» Problem to work on: Would you return, word for word, the lines of the data below from the line with "- 任何时候都可以通过按下Ctrl +" through the line with "Продукт Особенности: 1, Bluetooth", and no others?

» Data for analysis:

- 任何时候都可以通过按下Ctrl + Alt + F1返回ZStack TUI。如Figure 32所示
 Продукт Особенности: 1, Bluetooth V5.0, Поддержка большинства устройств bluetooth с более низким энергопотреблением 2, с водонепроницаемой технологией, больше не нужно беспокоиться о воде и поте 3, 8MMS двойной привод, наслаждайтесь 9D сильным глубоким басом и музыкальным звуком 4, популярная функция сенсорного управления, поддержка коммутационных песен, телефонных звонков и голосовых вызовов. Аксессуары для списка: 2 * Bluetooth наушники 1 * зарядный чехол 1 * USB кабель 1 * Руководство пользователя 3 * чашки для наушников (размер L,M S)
...
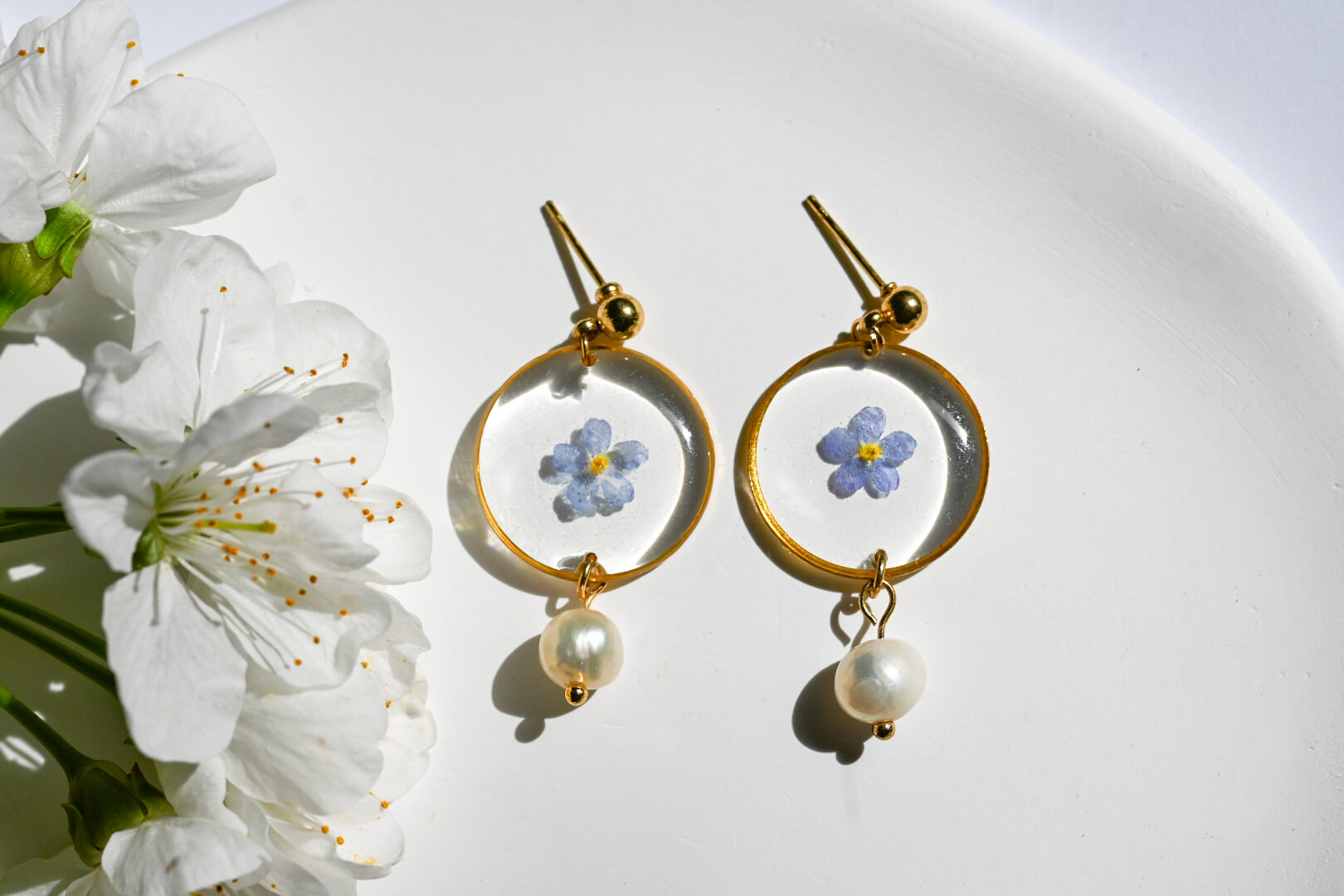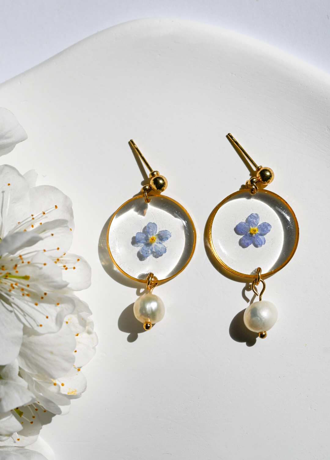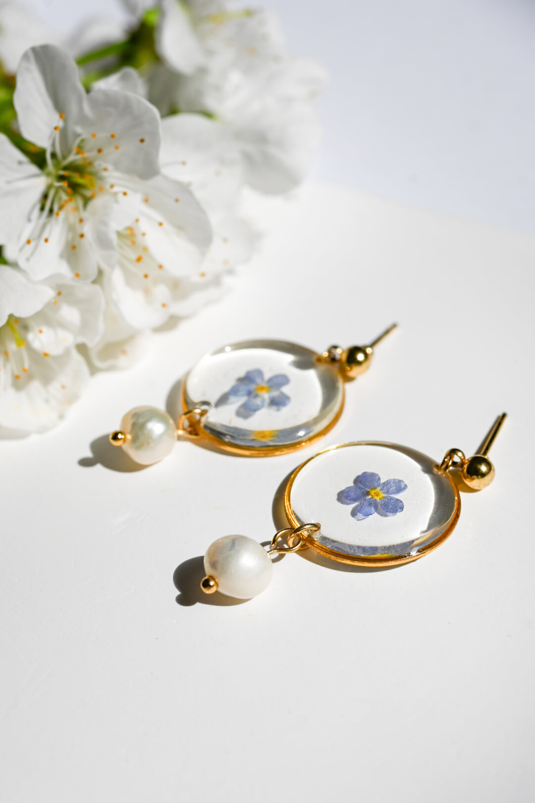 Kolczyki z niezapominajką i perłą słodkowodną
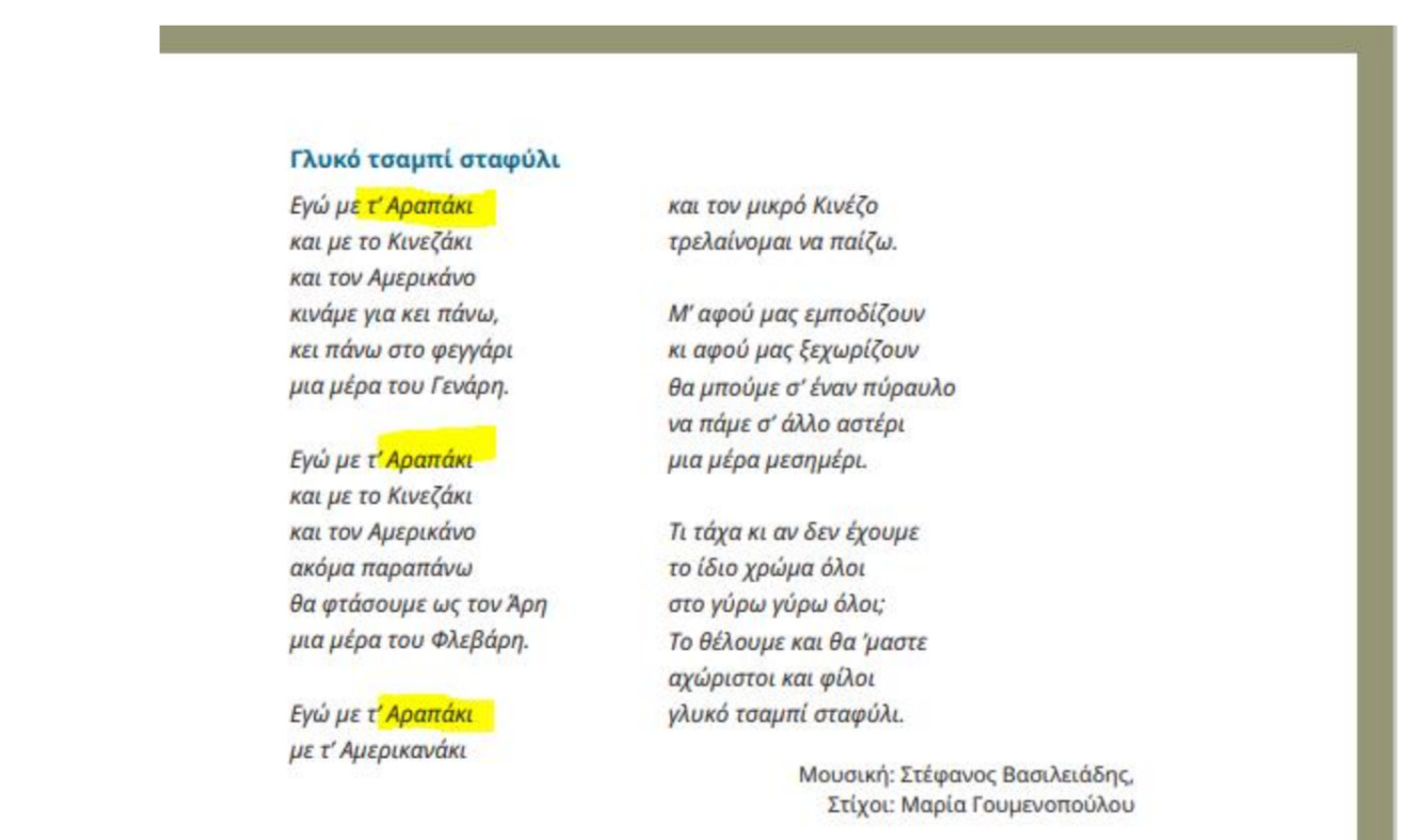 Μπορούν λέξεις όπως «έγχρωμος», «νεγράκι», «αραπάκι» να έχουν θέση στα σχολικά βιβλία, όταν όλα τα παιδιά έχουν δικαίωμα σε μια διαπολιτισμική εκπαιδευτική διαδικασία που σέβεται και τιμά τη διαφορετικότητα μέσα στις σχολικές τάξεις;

» The completed task:
- 任何时候都可以通过按下Ctrl + Alt + F1返回ZStack TUI。如Figure 32所示
 Продукт Особенности: 1, Bluetooth V5.0, Поддержка большинства устройств bluetooth с более низким энергопотреблением 2, с водонепроницаемой технологией, больше не нужно беспокоиться о воде и поте 3, 8MMS двойной привод, наслаждайтесь 9D сильным глубоким басом и музыкальным звуком 4, популярная функция сенсорного управления, поддержка коммутационных песен, телефонных звонков и голосовых вызовов. Аксессуары для списка: 2 * Bluetooth наушники 1 * зарядный чехол 1 * USB кабель 1 * Руководство пользователя 3 * чашки для наушников (размер L,M S)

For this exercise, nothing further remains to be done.